Transtornos do humor
Foi relatada uma correlação entre neuroticismo no Inventário da Personalidade de Maudsley (Maudsley Personality Inventory) e a dor, entre pacientes que tinham carcinoma do cérvix. Outros estudos relataram que os pacientes com dor tinham escores mais altos em medidas de depressão, ansiedade e outros sinais de transtorno do humor. Em particular, a depressão e a ansiedade eram observadas como acompanhantes freqüentes da dor. Este estudo inicial implicava que os pacientes com psicopatologia queixavam-se mais de dor. Uma pesquisa posterior sugeriu que há uma interação e que talvez a dor crônica amplifique ou produza a depressão.
A depressão é o diagnóstico clínico mais freqüentemente relatado entre os pacientes com dor crônica. Os relatos de depressão entre populações com dor crônica vão de 10 a 87%. A severidade relativa da depressão observada em pacientes com dor crônica é ilustrada pelos achados de que 35% de uma amostra de 37 pacientes com dor satisfaziam os critérios para depressão maior e 43% tinham um episódio passado de depressão maior.
A ansiedade é muitas vezes um acompanhante da dor aguda. Como a depressão, pode ser uma resposta apropriada a um sério trauma por agressão ou doença. A dor pode servir como uma função sinalizadora ou ser parte de uma preocupação ansiosa, como o caso da mulher com sarcoma, citado acima. De modo similar, a ansiedade e a dor podem se reforçar uma à outra, produzindo um efeito de bola de neve, aumentando ou reforçando mutuamente sintomas centrais e periféricos.

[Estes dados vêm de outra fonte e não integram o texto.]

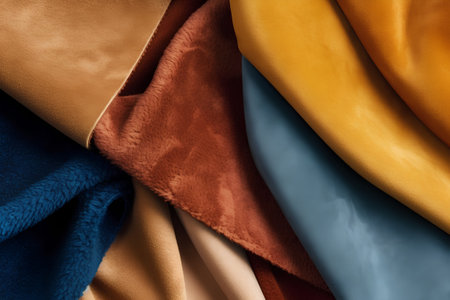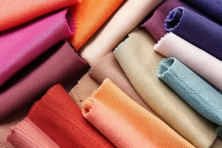 A vibrant array of textile fabric swatches in various colors and textures, perfect for sewing, crafting, or home decor projects with creative potential.
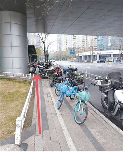 橙友“老好人”向橙柿直通车反映:乐堤港东门附近天桥下,有一段人行道被乱停的非机动车挤得行人都无法走路。此问题存在已有一年之久,请相关部门采取有效措施。

2. Mecanismos neurológicos da dor
Sabe-se atualmente que interações altamente complexas de vários sistemas diferentes de estruturas centrais e periféricas, da superfície da pele ao córtex cerebral, estão envolvidas no processamento da dor. O bloqueio de qualquer dessas vias e/ou o antagonismo aos neurotransmissores envolvidos podem ser considerados ao tratar problemas específicos de dor.
Receptores sensoriais periféricos
Cada indivíduo pode verificar que, quando um estímulo potencialmente nocivo é aplicado a uma área sensível do corpo, como a pele, inicia-se uma cadeia de sinais que resulta na identificação do estímulo como doloroso. As descrições antigas dos nervos periféricos indicavam que eles eram específicos para as modalidades e que cada classe de fibra nervosa era responsável por apenas uma das modalidades sensoriais. Esse conceito não foi corroborado pelos estudos anatômicos da superfície da pele, que demonstraram que nem toda classe de terminal nervoso está presente em todas as áreas da pele. A pesquisa neurofisiológica mais recente estabeleceu a existência de nervos aferentes específicos primários para a sinalização de estímulos nocivos. Esses nervos denominam-se nociceptores.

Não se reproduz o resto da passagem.